DATA FOR THE TASK
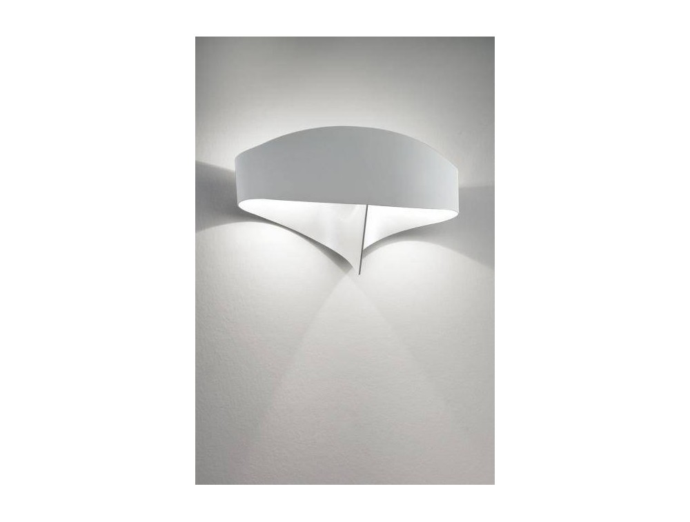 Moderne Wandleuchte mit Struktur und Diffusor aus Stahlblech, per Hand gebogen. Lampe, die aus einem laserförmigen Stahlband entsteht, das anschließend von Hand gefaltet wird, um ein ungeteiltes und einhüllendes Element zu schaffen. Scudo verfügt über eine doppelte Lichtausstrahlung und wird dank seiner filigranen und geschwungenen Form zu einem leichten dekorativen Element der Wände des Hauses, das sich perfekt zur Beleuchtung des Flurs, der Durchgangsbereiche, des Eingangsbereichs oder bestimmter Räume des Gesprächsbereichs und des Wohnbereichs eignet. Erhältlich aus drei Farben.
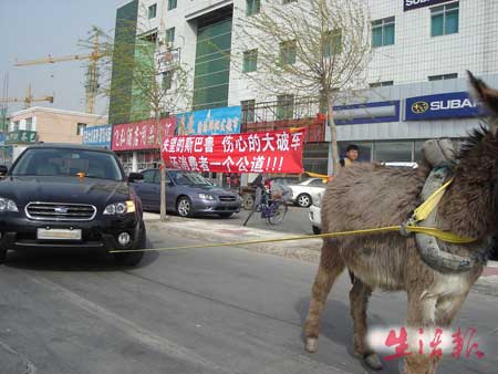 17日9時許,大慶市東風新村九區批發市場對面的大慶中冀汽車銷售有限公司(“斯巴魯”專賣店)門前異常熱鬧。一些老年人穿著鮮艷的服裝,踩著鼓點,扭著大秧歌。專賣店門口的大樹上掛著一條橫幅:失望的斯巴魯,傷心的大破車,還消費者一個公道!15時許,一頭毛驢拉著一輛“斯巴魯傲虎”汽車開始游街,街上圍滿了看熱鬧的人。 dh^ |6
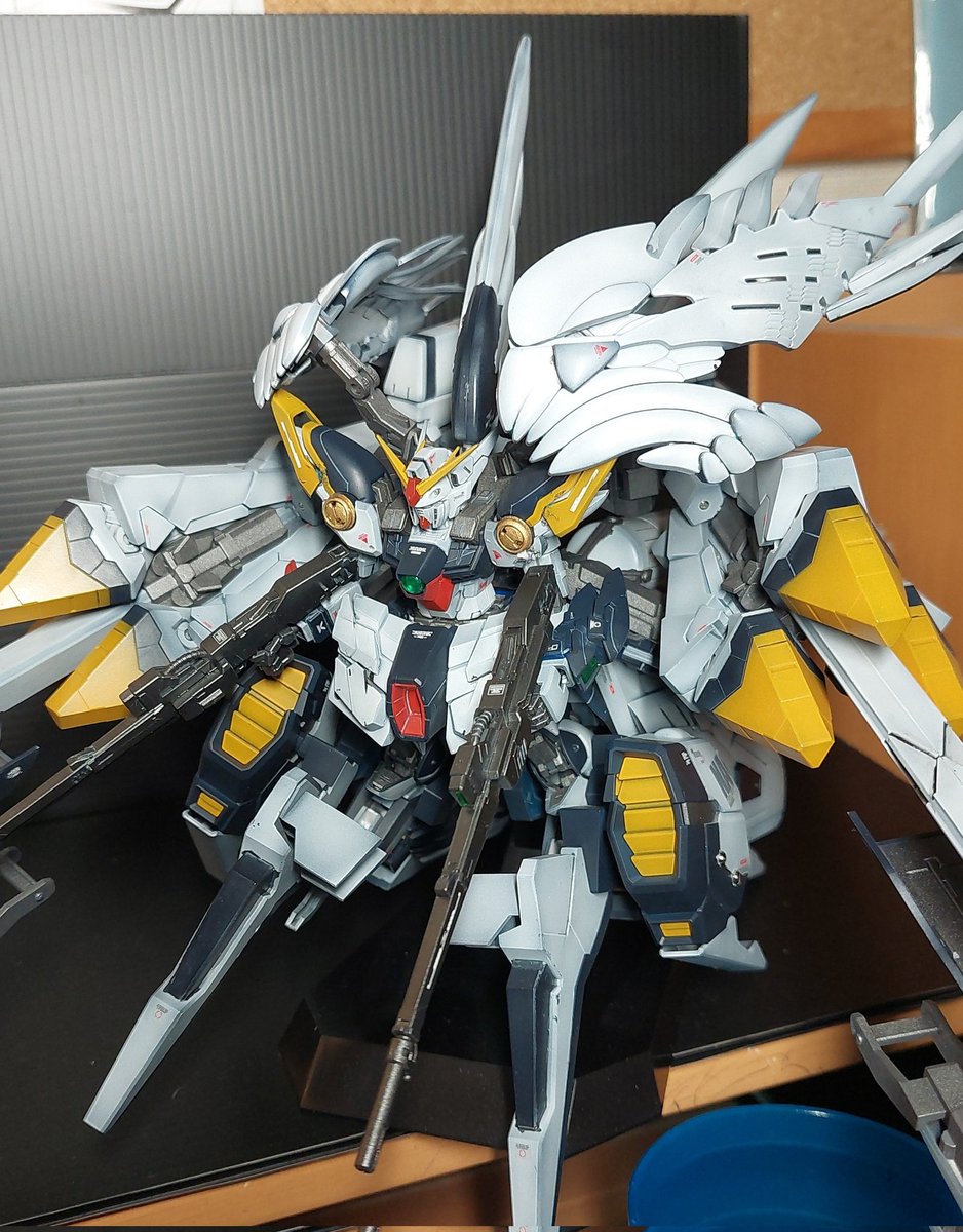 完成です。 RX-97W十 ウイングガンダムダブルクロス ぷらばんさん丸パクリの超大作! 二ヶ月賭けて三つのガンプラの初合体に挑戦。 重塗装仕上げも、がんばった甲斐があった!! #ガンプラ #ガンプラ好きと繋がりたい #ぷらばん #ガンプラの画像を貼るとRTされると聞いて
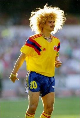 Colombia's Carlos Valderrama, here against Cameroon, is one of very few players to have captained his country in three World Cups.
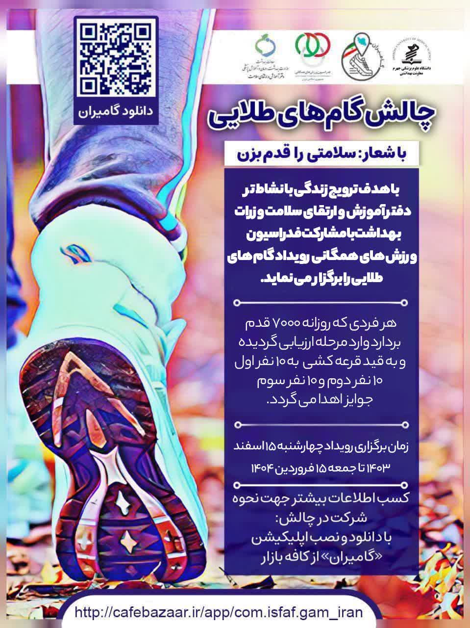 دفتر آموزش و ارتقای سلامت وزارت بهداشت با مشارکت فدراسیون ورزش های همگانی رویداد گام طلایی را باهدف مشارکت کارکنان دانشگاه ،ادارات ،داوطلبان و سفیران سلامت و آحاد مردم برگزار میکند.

==

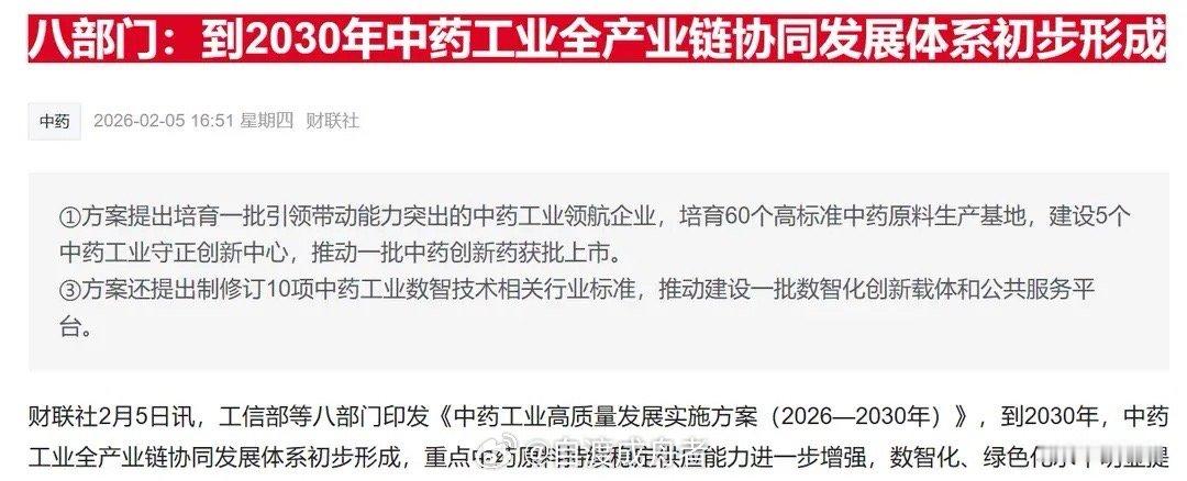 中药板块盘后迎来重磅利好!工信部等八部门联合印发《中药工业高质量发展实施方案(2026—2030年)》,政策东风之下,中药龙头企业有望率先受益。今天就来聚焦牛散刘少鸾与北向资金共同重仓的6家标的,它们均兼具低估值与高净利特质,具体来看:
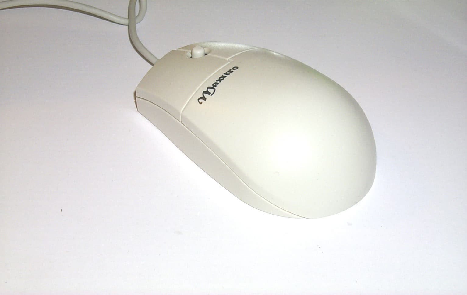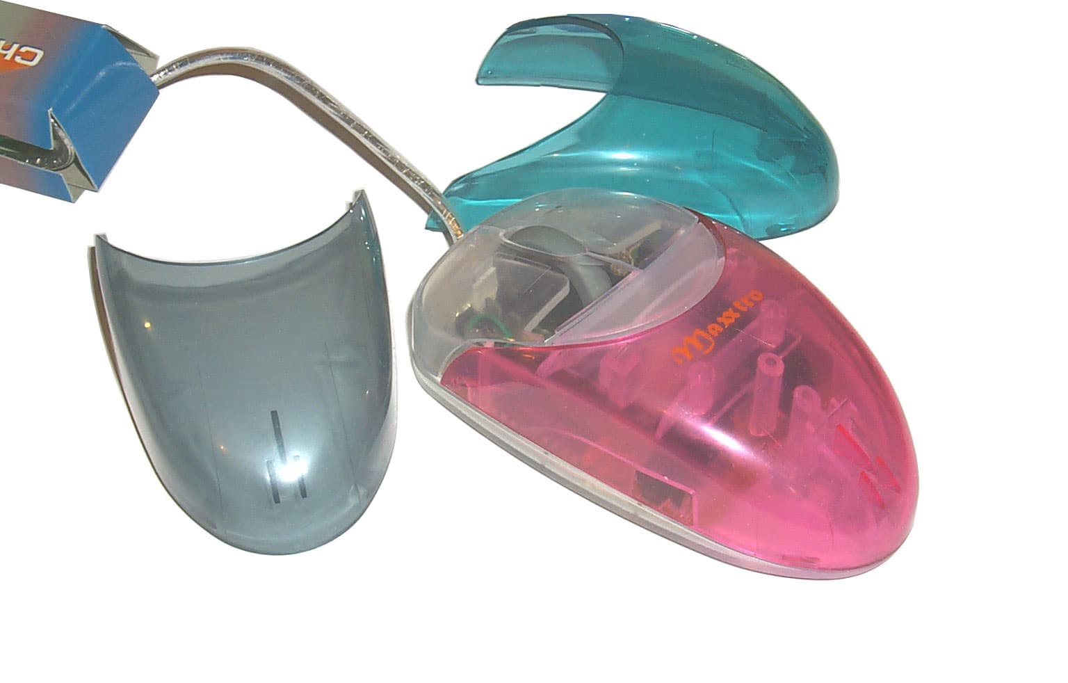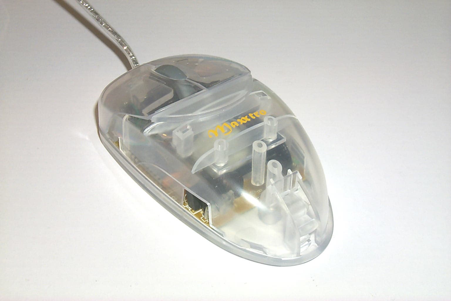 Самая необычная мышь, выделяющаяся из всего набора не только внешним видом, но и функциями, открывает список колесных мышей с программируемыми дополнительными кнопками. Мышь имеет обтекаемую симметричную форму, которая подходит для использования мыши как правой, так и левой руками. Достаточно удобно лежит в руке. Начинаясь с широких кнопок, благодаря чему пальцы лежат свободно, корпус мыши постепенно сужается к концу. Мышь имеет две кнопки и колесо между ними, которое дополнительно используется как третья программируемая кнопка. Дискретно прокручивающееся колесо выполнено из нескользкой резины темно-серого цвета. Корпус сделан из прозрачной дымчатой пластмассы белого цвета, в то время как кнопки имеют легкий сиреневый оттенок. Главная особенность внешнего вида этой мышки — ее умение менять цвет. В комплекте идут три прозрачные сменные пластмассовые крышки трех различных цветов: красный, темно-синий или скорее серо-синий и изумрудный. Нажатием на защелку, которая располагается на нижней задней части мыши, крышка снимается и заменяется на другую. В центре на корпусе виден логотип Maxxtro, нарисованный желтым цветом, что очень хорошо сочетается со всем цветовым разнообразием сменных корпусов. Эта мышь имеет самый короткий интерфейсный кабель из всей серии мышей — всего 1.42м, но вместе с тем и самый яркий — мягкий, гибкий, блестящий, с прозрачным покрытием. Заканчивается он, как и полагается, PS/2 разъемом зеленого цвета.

PROBLEM
Among the entries above, take the line with "Colombia's Carlos Valderrama, here", the line with "دفتر آموزش و", and all the lines between them, and restate them word for word without pictures.

COMPLETED TASK
 Colombia's Carlos Valderrama, here against Cameroon, is one of very few players to have captained his country in three World Cups.
 دفتر آموزش و ارتقای سلامت وزارت بهداشت با مشارکت فدراسیون ورزش های همگانی رویداد گام طلایی را باهدف مشارکت کارکنان دانشگاه ،ادارات ،داوطلبان و سفیران سلامت و آحاد مردم برگزار میکند.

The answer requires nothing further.